From owner-freebsd-stable@FreeBSD.ORG  Mon Feb 11 12:01:00 2008
Return-Path: <owner-freebsd-stable@FreeBSD.ORG>
Delivered-To: freebsd-stable@freebsd.org
Received: from mx1.freebsd.org (mx1.freebsd.org [IPv6:2001:4f8:fff6::34])
	by hub.freebsd.org (Postfix) with ESMTP id 7CBBE16A41A
	for <freebsd-stable@freebsd.org>; Mon, 11 Feb 2008 12:01:00 +0000 (UTC)
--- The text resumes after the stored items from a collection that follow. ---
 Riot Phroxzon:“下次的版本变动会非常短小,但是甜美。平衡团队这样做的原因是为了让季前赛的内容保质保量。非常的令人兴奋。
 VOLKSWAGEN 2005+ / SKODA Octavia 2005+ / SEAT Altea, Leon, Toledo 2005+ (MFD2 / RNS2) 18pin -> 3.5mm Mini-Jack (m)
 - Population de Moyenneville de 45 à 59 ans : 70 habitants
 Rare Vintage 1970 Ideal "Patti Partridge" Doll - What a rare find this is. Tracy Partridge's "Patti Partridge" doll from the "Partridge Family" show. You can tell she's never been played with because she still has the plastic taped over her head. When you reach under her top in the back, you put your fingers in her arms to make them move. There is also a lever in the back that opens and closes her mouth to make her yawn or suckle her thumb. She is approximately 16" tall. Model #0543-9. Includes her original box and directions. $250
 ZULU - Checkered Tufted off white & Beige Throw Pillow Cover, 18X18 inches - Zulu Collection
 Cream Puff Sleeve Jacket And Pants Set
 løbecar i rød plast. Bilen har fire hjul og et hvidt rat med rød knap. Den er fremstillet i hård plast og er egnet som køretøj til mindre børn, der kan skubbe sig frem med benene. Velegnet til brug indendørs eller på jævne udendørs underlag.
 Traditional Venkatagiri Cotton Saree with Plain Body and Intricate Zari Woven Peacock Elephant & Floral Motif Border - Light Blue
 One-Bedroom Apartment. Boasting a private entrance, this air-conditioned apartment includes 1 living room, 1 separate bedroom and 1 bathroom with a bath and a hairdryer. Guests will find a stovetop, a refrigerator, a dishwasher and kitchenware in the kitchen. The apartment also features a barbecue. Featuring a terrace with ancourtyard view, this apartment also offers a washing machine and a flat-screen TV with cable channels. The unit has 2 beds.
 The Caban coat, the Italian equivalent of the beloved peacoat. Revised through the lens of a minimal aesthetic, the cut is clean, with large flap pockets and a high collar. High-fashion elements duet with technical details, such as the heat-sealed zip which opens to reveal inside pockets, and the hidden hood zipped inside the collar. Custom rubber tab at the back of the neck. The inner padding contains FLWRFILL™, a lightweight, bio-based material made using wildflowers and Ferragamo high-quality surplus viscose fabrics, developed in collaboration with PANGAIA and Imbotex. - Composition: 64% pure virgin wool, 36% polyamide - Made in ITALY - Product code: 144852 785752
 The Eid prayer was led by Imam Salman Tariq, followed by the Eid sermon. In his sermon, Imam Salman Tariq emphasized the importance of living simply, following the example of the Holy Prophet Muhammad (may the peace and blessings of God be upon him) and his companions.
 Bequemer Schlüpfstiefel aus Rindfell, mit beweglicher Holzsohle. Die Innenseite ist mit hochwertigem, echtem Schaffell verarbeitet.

	(envelope-from remco@spacemarines.us)
Received: from green.qinip.net (green.qinip.net [62.100.30.36])
	by mx1.freebsd.org (Postfix) with ESMTP id 358D713C51A
	for <freebsd-stable@freebsd.org>; Mon, 11 Feb 2008 12:00:59 +0000 (UTC)
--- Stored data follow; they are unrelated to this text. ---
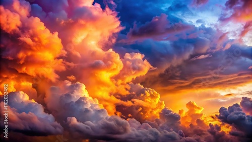 Close up view of colorful dramatic cumulus fluffy clouds against a blue sky at sunset , clouds, cumulus, dramatic, colorful
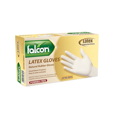 Falcon Latex Gloves Powder Free -100 Pieces (Extra Large)
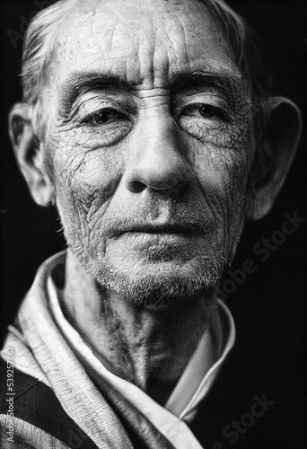 Illustration of fictional male monk as wisdom and asceticism concept (Generative AI)
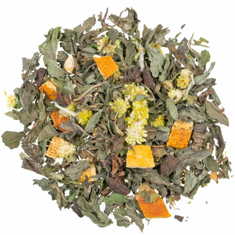 Zutaten:Nanaminze, Pfefferminze, Orangenschalen, Zichorienwurzel geröstet, Ingwerstücke, Katzenpfötchenblüten, Kaktusblüten
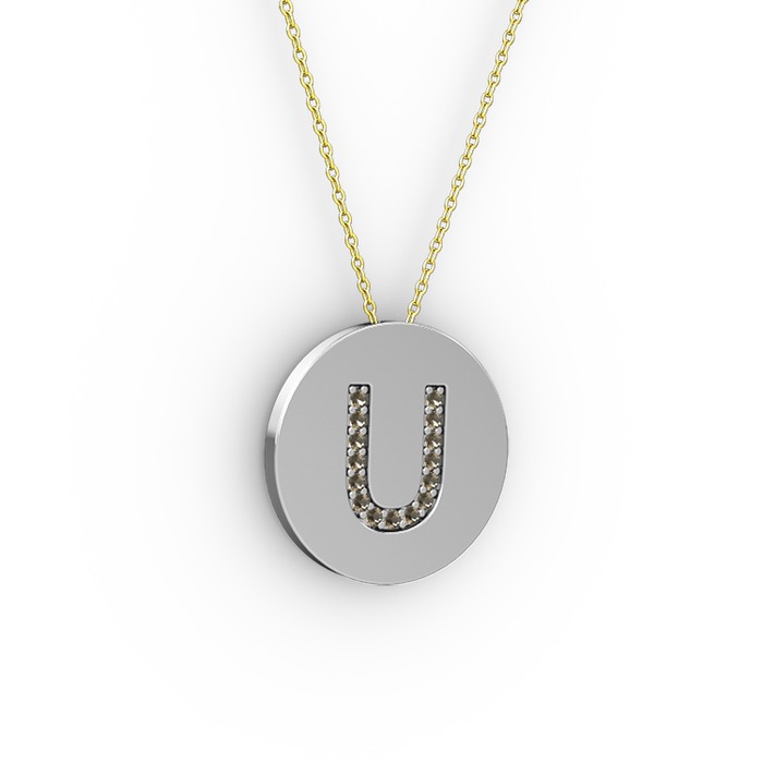 Dumanlı kuvars 8 ayar beyaz altın kolye (40 cm altın rolo zincir)
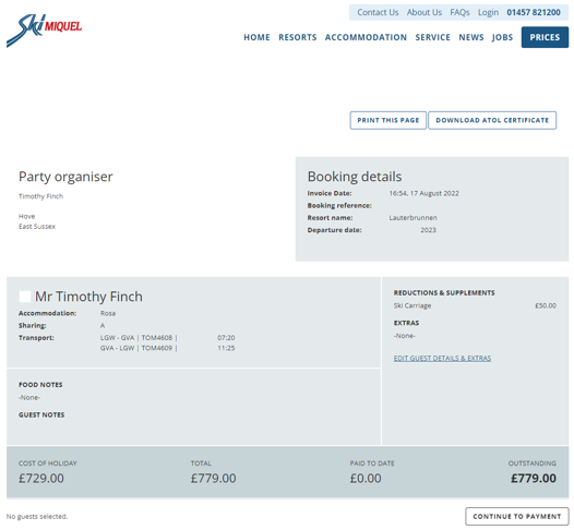 We try to make life as easy as possible for our party leaders, as we know how challenging it can be to organise a group ski trip.  Our online booking portal allows each guest to enter their own personal information, make payments and book extras (such as lift passes and equipment rental), which removes a lot of the administration that previously would have been carried out via emails and phone calls.
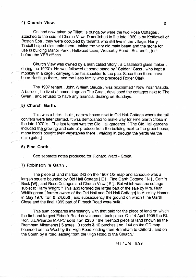 4, Church View; Church Garth; Fine Garth and Robinson's Garth. Article dated 1999 by ARC (Tony Cousens)
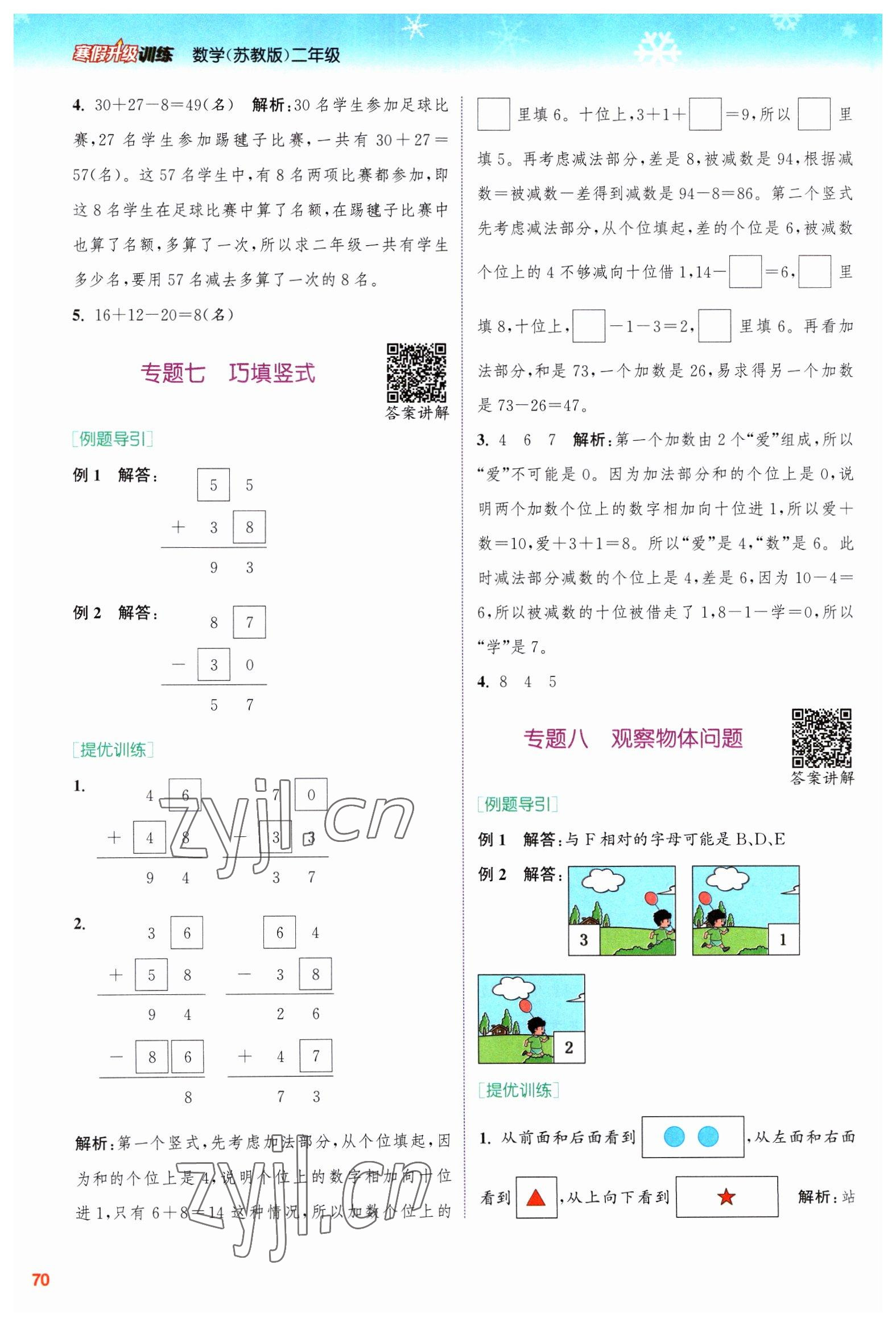 注:目前有些书本章节名称可能整理的还不是很完善,但都是按照顺序排列的,请同学们按照顺序仔细查找。练习册 2023年寒假升级训练浙江教育出版社二年级数学苏教版 答案主要是用来给同学们做完题方便对答案用的,请勿直接抄袭。

	(envelope-from remco@spacemarines.us)
Received: from marshal.spacemarines.us (h89220144089.dsl.speedlinq.nl
	[89.220.144.89]) by green.qinip.net (Postfix) with ESMTP id 9751CC875
	for <freebsd-stable@freebsd.org>; Mon, 11 Feb 2008 13:01:01 +0100 (CET)
Received: by marshal.spacemarines.us (Postfix, from userid 1000)
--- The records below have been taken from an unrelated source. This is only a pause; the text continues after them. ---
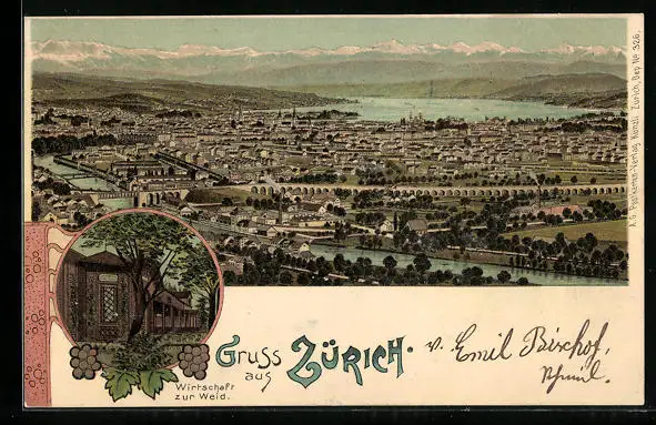 Lithographie Zürich, Gasthaus zur Weid, Teilansicht
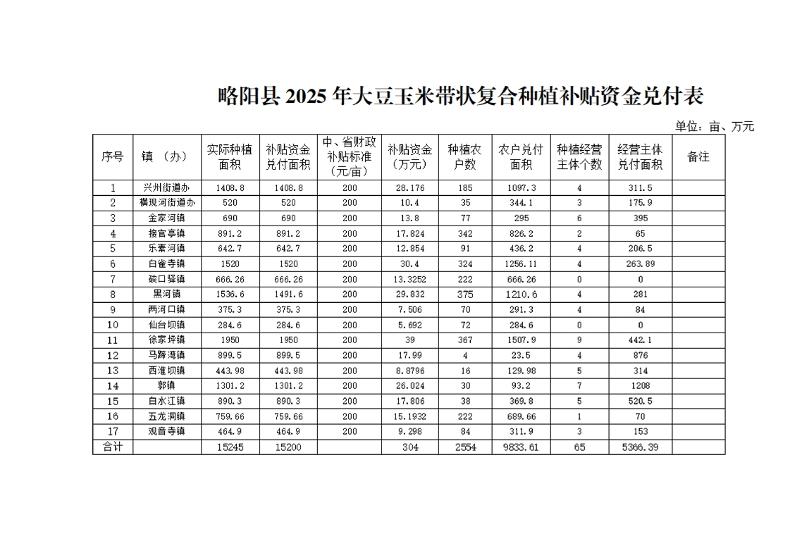 略陽縣農業農村局關于略陽縣2025年大豆玉米帶狀復合種植補貼項目資金情況的公示
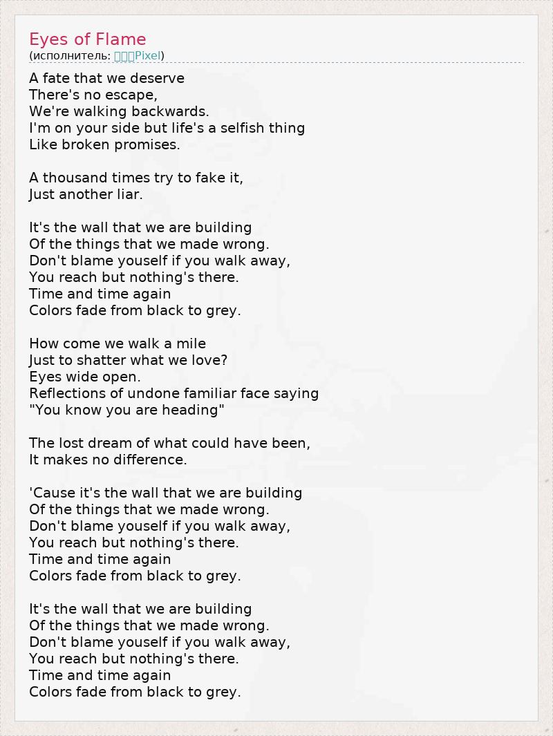 А как ты думаешь, о чем песня "Eyes of Flame" ?

	id 6FA901CDAB; Mon, 11 Feb 2008 13:00:57 +0100 (CET)
Date: Mon, 11 Feb 2008 13:00:57 +0100
To: freebsd-stable@freebsd.org
Message-ID: <20080211120057.GA5821@marshal.spacemarines.us>
References: <479A0731.6020405@skyrush.com>
	<20080125162940.GA38494@eos.sc1.parodius.com>
	<479A3764.6050800@skyrush.com>
	<3803988D-8D18-4E89-92EA-19BF62FD2395@mac.com>
	<479A4CB0.5080206@skyrush.com>
	<20080126003845.GA52183@eos.sc1.parodius.com>
MIME-Version: 1.0
Content-Type: text/plain; charset=us-ascii
Content-Disposition: inline
In-Reply-To: <20080126003845.GA52183@eos.sc1.parodius.com>
User-Agent: Mutt/1.5.13 (2006-08-11)
From: remco@spacemarines.us (Remco van Bekkum)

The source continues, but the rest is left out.